Module 1: Basics of Digital Signal Processing

- Paolo PrandoniLecturer

School of Computer and Communication Science - Martin VetterliProfessor

School of Computer and Communication Sciences

Hi and welcome to the new edition of our digital signal processing class.

In this introduction, we would like to talk about what signal processing is and

what makes it so interesting and relevant today.

And we will start the usual way by picking apart the name of the class.

So we have three words, digital, signal, processing.

Let's start with the centerpiece, signal, and try to define what a signal is.

The best definition that I can come up with,

is that a signal is a description of the evolution of a physical phenomenon.

And that is best explained by example, so take the weather for instance.

If you measure the temperature over time,

you have one possible description of the phenomenon, weather.

Take a sound, a sound is generated by, say,

my vocal tract, by creating a pressure wave.

If you measure this pressure at a point in space with a microphone for

instance, you have a description of the phenomenon sound.

But of course that is just one possible description.

If the sound had been recorded on a tape recorder, for

instance, the description of that phenomenon would take the form of

the magnetic deviation that is recording on the tape.

In more dimensions, if you take the light intensity on the surface, and

you encode that as a gray level on paper.

You have two dimensional black and white photograph.

That is also a signal that varies in space rather than in time.

So, we have a signal then we have the processing part.

And the processing part is where we make sense of this information

that has been described by the signal.

We can process the signal in two ways.

We can analyze it, namely we want to understand the information carried by

the signal and perhaps extract some more high level description.

Or we can synthesize a signal, that's also signal processing.

And that's when we create a physical phenomenon that contains a certain amount

of information, that we want to put out in the world.

And this is really what we do when we transmit information, like when we use our

cell phone or the radio, or when we generate sounds with a music synthesizer.

So we said that the signal is a description of the evolution of a physical

phenomenon, but

signals like so, are not an exclusivity of the digital signal processing.

In physics, for instance, perhaps you remember the equation that

describes the motion of a project dial, that was discovered by Galileo in 1638.

And you have a simple equation that relates

the vertical position to the initial velocity and to time.

And you have this beautiful curve that describes the instantaneous position.

In electronics, for instanc,

you have a lot of equations that describe the inner workings of electronic circuits.

Here you have an RC network, and

the voltage at the output is described by this law of charge or

discharge of the capacitor that would be something like this.

So what makes digital signal processing interesting?

In these two examples you can see that the mathematical model that we used to

describe the signals, is that of a function of a real variable time.

This is a standard model for what we call analog signals.

But if we go back to the motion of a project dial we see that this equation

has only one degree of freedom.

The only thing you can choose is the initial velocity, but

then the shape of the signal will always be the same.
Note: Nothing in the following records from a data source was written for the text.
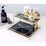 - Organize your makeup in style with this Classy Medium Makeup Shelf. Crafted with a plated metal basket and tempered glass, this shelf is both durable and stable. With two tiers of different widths and heights, you'll have plenty of space to store your cosmetics. The sleek gold wire basket and golden black marbling glass tray make it a beautiful addition to any countertop. Plus, no assembly is required - it's ready to use right out of the box. And, it's simple to clean with a damp cloth. Get organized and add a touch of class to your makeup routine with this Medium Makeup Shelf.
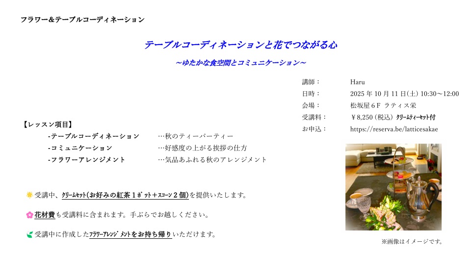 ≪フラワー&テーブル コーディネーション, 10/11Sat≫ ≪大人の魅力を引き出す, 10/23Thu≫
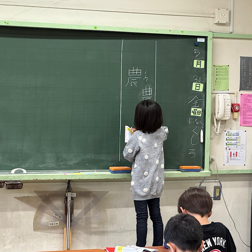 5月30日(金)1校時の3年4組では国語の授業が行われていました。最初の新出漢字の学習では、担当の子どもがみんなに読み方、書き順、熟語等を教えていました。その後、おすすめしたいこまや遊んでみたいこまを紹介する活動に入りました。タブレット使う子、数種類のワークシートを選ぶ子もいて、自分なりのスタイルで学ぶ子どもたちの姿が見られました。
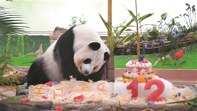 广州日报讯 (全媒体记者叶卡斯 通讯员陈可心摄影报道)昨日,广州动物园以全运会为主题,为大熊猫“星一”“雅一”举办了一场温馨的12岁生日会。

And similarly in an RC network, you can choose the value for the resistor and for

the capacitor, but the signal will always have the same exponential decaying shape.

Now if I show you a wave form like this, you probably have seen this before and

you can guess that it is some sort of representation of a sound or speech.

And if we were to apply this mathematical model to this kind of information.

The question is, what is the function that describes the sound?

Well there's no really an easy answer for that.

What I can try to do is record this information, and

people have invented extremely sophisticated devices to do so.

So for sound, for instance, I could come up with a record player, I could come up

with a tape recorder, and then if I want to measure a temperature signal.

Then I would have to come up with a mechanical system that

drags a pencil on a piece of paper to record the evolution of temperature.

And to capture photographs, I will have to invent a camera.

But you see every device is specific to a certain signal.

It will record any information but

it will not let me manipulate this information easily and in a generic way.

In other words, the recording device will give me something like a picture,

something like this.

But it will not answer the question,

what is the function that describes the phenomenon?

This is the problem with analogue signals.

The big paradigm shift and the power inherent to digital signal processing,

is that we're moving away from an analog model for signals like this.

So we're not asking, what is the function that represents the signal anymore,

we're just moving to a recording of the values of this function.

And represent the phenomenon just as a series of numbers.

And in particular, for digital signals, these numbers are integers.

The so called digital paradigm is composed of two fundamental ingredients,

discrete time and discrete amplitude.

And let's start with discrete time because this is really the paradigm shift in

the way we perceive the world.

When you were in elementary school,

you were probably asked to run a little experiment.

You recorded the temperature every morning, and

then plotted it on a piece of graph paper.

And you obtained a plot that probably looked like this, so

you look at a little point on the mercury scale.

And plot it in the right position on the graph paper.

And when you do this for a number of days, the resulting representation,

it seems pretty reasonable.

It makes sense to measuring the temperature once, or at most, twice a day,

is a pretty descriptive representation of the weather.

But can we really do that, can we really splice up

time into a series of discrete instance, and not lose information?

The question is really tied to the very nature of time.

And this is something that philosophers have been grappling with

since the beginning of intellectual speculation.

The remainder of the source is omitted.